+249 Compute the sum \(\frac{2}{1 \cdot 2 \cdot 3} + \frac{2}{2 \cdot 3 \cdot 4} + \frac{2}{3 \cdot 4 \cdot 5} + \cdots\)
Forms geometric series as follows:
∑2/[n*(n+1)*(n+2)], n=1 to infinity
Sum = F / (1 - r)
Sum = 1/3 / (1 - 1/3)
Sum = 1/3 / (2/3)
Sum= 1/2
+37146 I was looking at this question earlier, but I could not figure out an 'r' common ratio..... you say it is 1/3....can you explain how you got that? I do not see it....... Thanx !
By using the "Partial Sum Formula", you can easily see that it is converging to 1/2. Since this an infinite series with a sum of 1/2 and 1st.term 1/3, therefore the common ratio will be 1/3:
sum_(n=1)^m 2/(n (n+1) (n+2)) = (m^2+3 m)/(2 (m+1) (m+2))
P.S. You may try the 1st. 1,000,000 terms and you will get:0.499999999999000002999993000015....etc.
+37146 But I still do not see a common ratio of 1/3...

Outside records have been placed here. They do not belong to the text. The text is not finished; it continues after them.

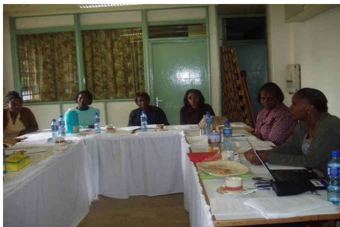
Selected representatives reviewing the recommendations of the national meeting and preparing for the national hearing

During this meeting the selected representatives with support of GROOTS Kenya secretariat reviewed recommendations agreed upon during the community consultation in the national meeting. They also had a chance to prepare a presentation on property rights which was presented during the national hearing on 28 th November 2006 at the Safari Park hotel.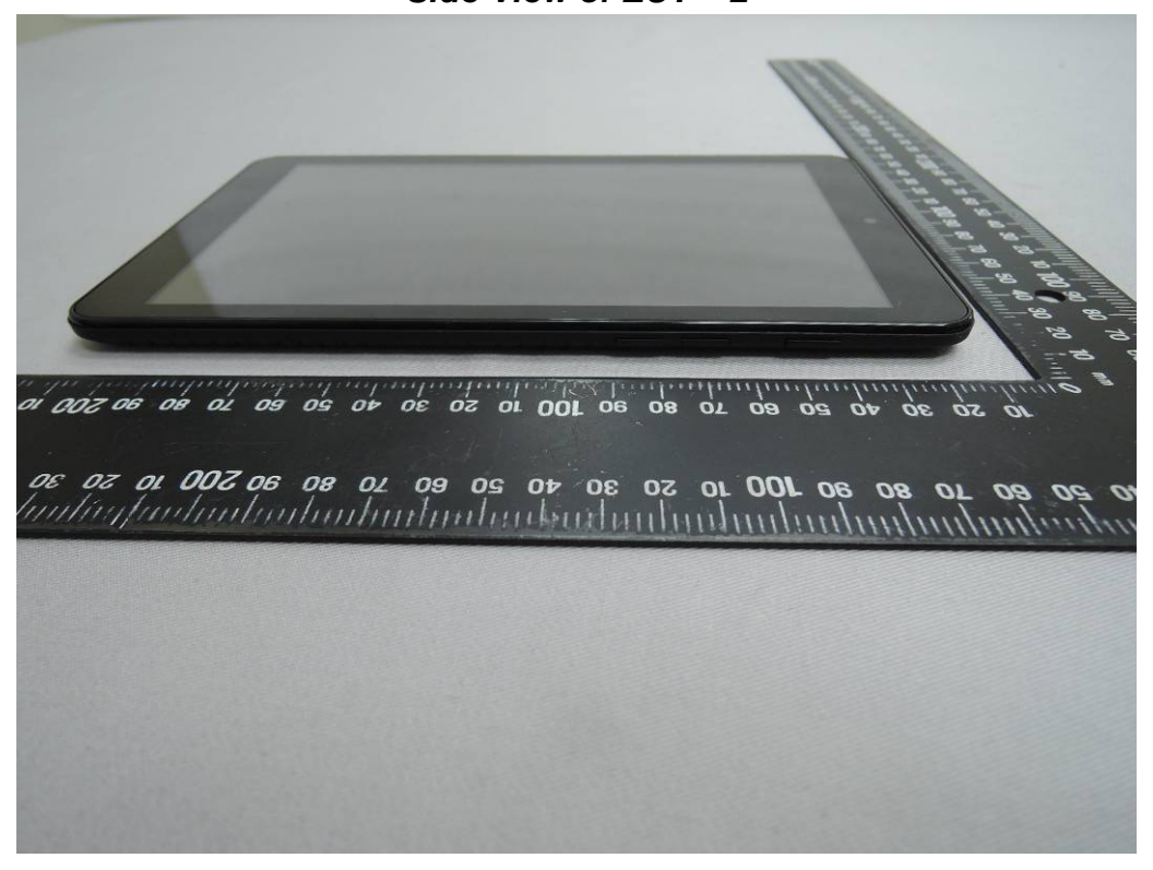
Side View of EUT - 3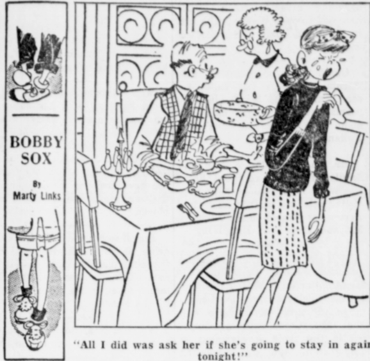
"All I did was ask her if she's going to stay in again tonight!"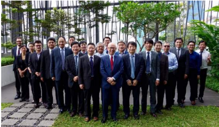
Members of the AHCC08 study during the Investigators Meeting held in Singapore on 27 August 2016.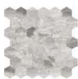
2 in / 4.9 cm Hexagon Mosaic Honed 5001-0324-0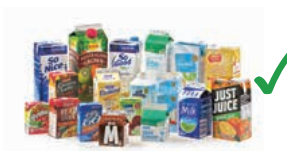
Empty milk and juice cartons

X NO e-waste, batteries, plastic bags, soft plastic, paper towel, tissues, garden waste or clothes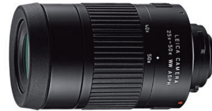
LEICA EYEPIECE 25x – 50xWW ASPH.

The bayonet system has an integrated, automatic eyepiece lock that attaches eyepieces quickly and securely to the spotting scope. The rubber-armoured functional components and practical rotating eyecup ensure excellent viewing comfort. Even when wearing gloves, the eyepiece can be precisely adjusted.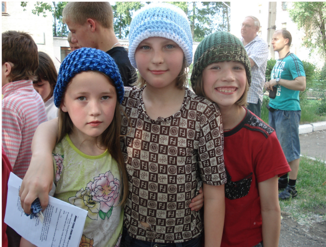
Knit hats made by friends in America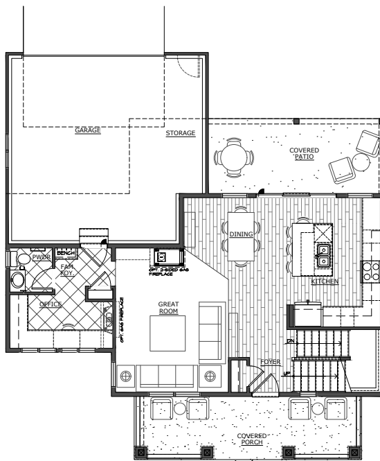
MAIN LEVEL 816 sq ft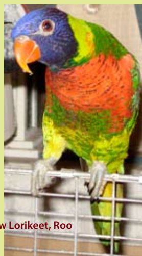
Rainbow Lorikeet, Roo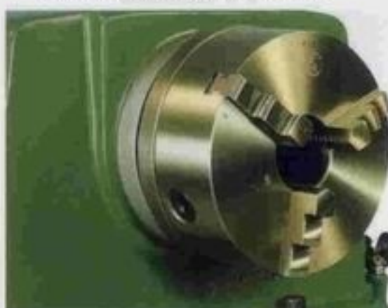
4. 普通三爪夾頭 3-Jaws scroll chuck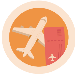
Travel & Mobility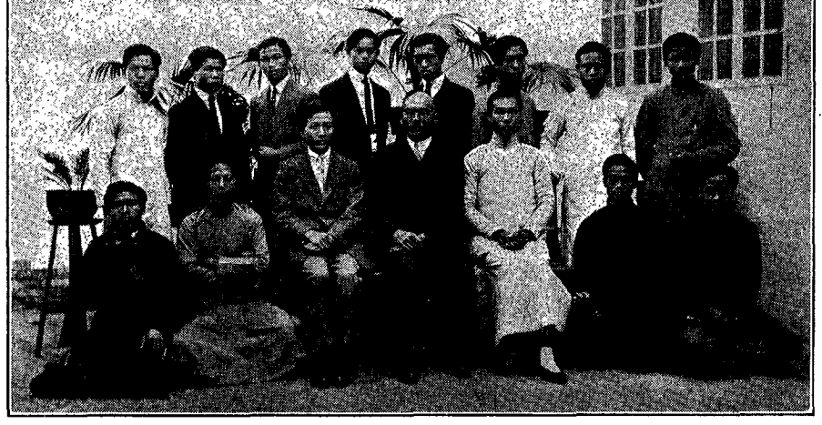
CLASS OF YOUNG MEN IN TRAINING FOR WORKERS IN THE CANTONESE FIELD

PASSING through the rice fields on a recent Sunday, within sight of the mountainous province of Benguet, P. I., I decided once again to contribute to your thirst-quenching columns; for "as cold waters to a thirsty soul, so is good news from a far country."

a geometric series may simply be written as
a + a r + a r 2 + a r 3 + ⋯
and 1/3 does not fit the bill.......how did you get 1/3??
No, you cannot see it from the series as written. You can only derive it, indirectly, from infinite deries formula: s=a1/[1 - r]. You can possibly see it by repeated subtractions of the denominators, such as:
3, 12, 30, 60, 105,168, 252, 360, 495, 660, 858
9, 18, 30, 45, 63, 84, 108, 135, 165, 198
9, 12, 15, 18, 21, 24, 27, 30, 33
3, 3, 3, 3, 3, 3, 3, 3............=1/3 common ratio!!!